After the summer holidays, she did not return to her class. The teacher said that she was recognized as a wanderkind and sent to study in a cool high school. A good leader even showed us an article about her in the newspaper. It was also about the fact that "I've read all the textbooks already" she wasn't lying then either.)
observed? The best sense of humor at work is always with the director. Not noticed? Then I know why you were fired.
On the subject of pedestrian-driving imho can be expressed in a shorter way: the pedestrian is always right, but not always alive!

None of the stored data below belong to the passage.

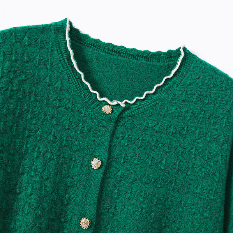 鄂尔多斯市断码羊绒开衫女春秋新款宽松毛衣外套翻领针织羊毛衫
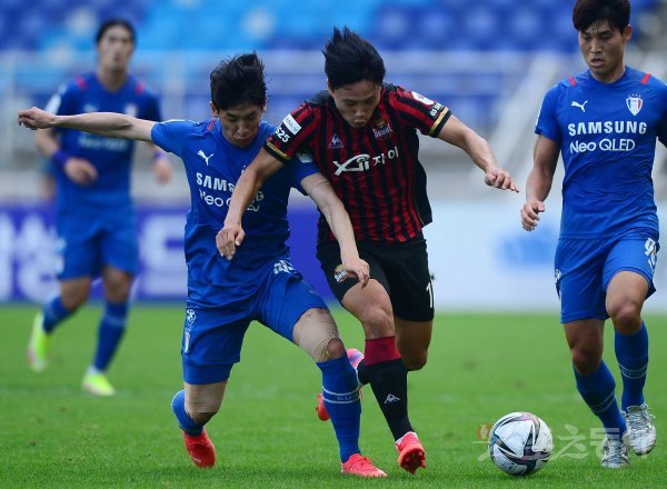 26일 수원월드컵경기장에서 열린 ‘하나원큐 K리그1 2021’ 수원 삼성과 FC 서울의 경기에서 수원 장호익이 서울 조영욱의 볼을 빼앗고 있다.
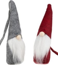 Suteikite namams Kalėdų jaukumo su dviem stovinčių nykštukų rinkiniu iš minkšto veltinio. Skirtingi dydžiai 29 ir 93 cm, pilkos ir raudonos spalvų derinys bei stabilus pagrindas dėl vidinio svarelio paverčia juos stilinga kalėdine dekoracija lentynai, komodai ar po eglute.
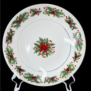 Add a festive touch to your holiday meals with this set of eight Lynns Holly Wreath fine china bowls. The 8 1/4" round bowls feature a beautiful poinsettia design, perfect for serving soup or cereal. Great condition! No chips or cracks!
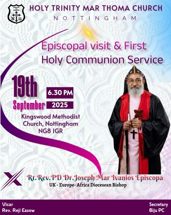 We are extremely honoured to announce the inauguration of the Nottingham Mar Thoma Congregation on Sunday 14th April, at 5.30 pm in Grangewood Methodist Church, NG8 2SJ. This occasion will be graced by our beloved diocesan bishop, Rt. Rev. Dr. Joseph Mar Ivanios Episcopa who will be the esteemed celebrant administering the Holy Qurbana and the First Communicant Service.

Talk with colleagues in the elevator
Q: What color is your car?
A: Dark dark brown, under color character
Many write that pedestrians cross the road incorrectly, but do not give arguments about the appearance of people standing at the bus stop and a car like crashing into them. Seven bodies." or "People walked on the sidewalk, and a car like jumped on them. One man, one disabled man. The car in the hole, the driver of the "serious" punishment with a delay of execution for 14 years." or more "He drove quietly on a mercedes on the Leningrad Avenue and here meet not important people with his sit-out."